> **Exercise**
Skip every picture and copy only the lines from the one containing "Anaheim Resort Suites" to the final line of the records below.

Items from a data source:
● ● ● ● ●
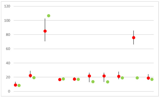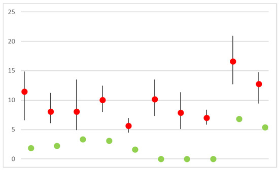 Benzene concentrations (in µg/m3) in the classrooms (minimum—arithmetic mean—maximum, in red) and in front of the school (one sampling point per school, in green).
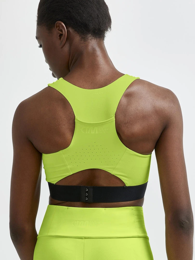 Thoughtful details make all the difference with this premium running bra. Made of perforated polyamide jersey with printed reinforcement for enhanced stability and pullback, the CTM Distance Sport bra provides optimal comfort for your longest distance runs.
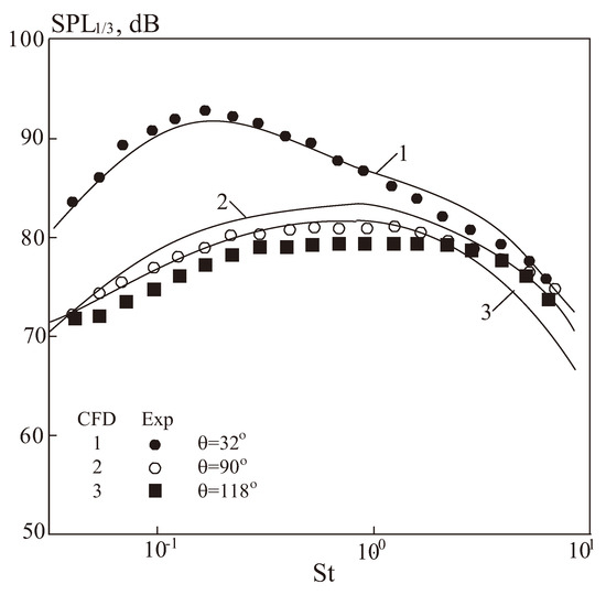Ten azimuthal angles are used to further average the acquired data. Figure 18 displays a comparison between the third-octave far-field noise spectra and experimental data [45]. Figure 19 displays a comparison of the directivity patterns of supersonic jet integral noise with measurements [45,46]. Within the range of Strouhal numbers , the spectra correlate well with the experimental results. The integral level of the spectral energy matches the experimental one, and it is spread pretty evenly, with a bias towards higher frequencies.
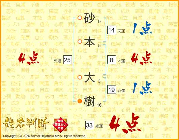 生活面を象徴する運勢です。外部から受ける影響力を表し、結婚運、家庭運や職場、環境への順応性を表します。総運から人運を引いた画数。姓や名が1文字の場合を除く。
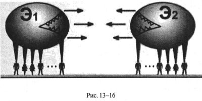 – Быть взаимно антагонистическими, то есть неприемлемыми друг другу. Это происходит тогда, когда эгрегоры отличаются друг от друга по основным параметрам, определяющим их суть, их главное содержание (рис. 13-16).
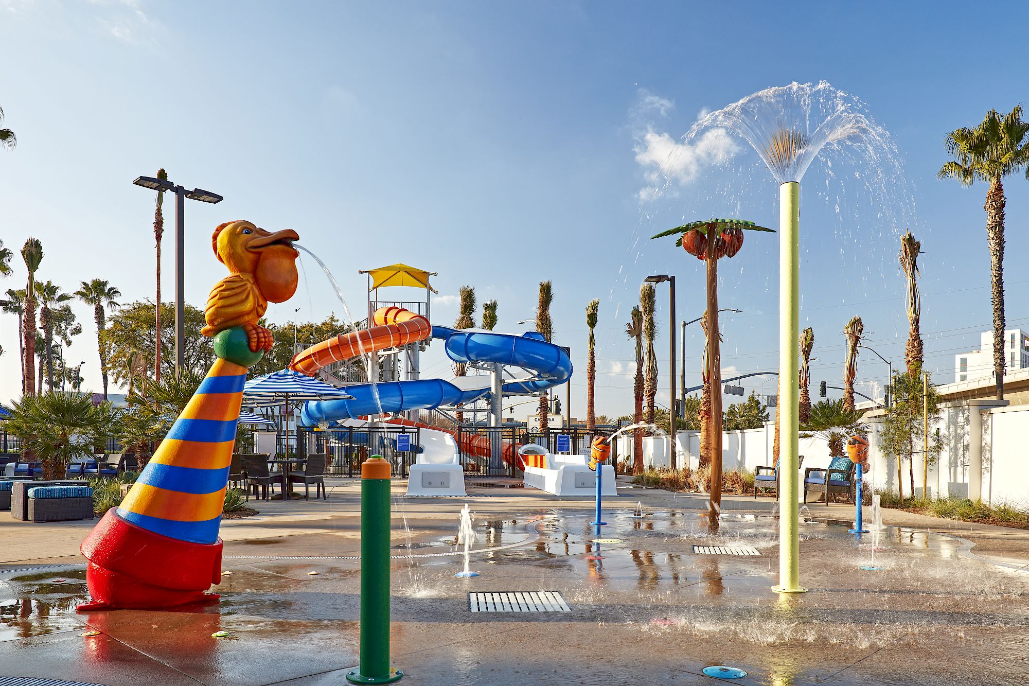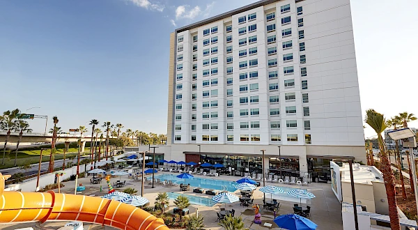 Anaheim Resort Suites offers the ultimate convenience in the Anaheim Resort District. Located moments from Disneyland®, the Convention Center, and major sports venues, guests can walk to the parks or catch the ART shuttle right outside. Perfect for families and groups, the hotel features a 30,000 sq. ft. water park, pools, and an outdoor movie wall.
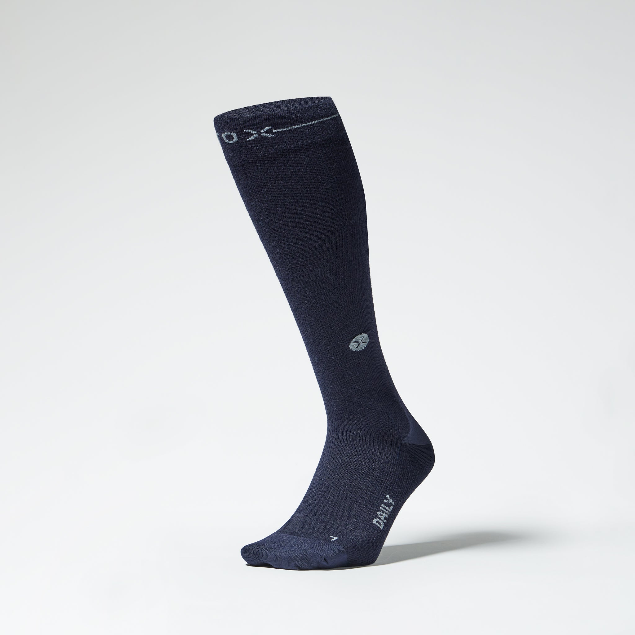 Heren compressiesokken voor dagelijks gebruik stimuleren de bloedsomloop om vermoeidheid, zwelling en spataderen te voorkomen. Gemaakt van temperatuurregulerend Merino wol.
● ● ● ● ●
> **Result for this exercise**
 Anaheim Resort Suites offers the ultimate convenience in the Anaheim Resort District. Located moments from Disneyland®, the Convention Center, and major sports venues, guests can walk to the parks or catch the ART shuttle right outside. Perfect for families and groups, the hotel features a 30,000 sq. ft. water park, pools, and an outdoor movie wall.
 Heren compressiesokken voor dagelijks gebruik stimuleren de bloedsomloop om vermoeidheid, zwelling en spataderen te voorkomen. Gemaakt van temperatuurregulerend Merino wol.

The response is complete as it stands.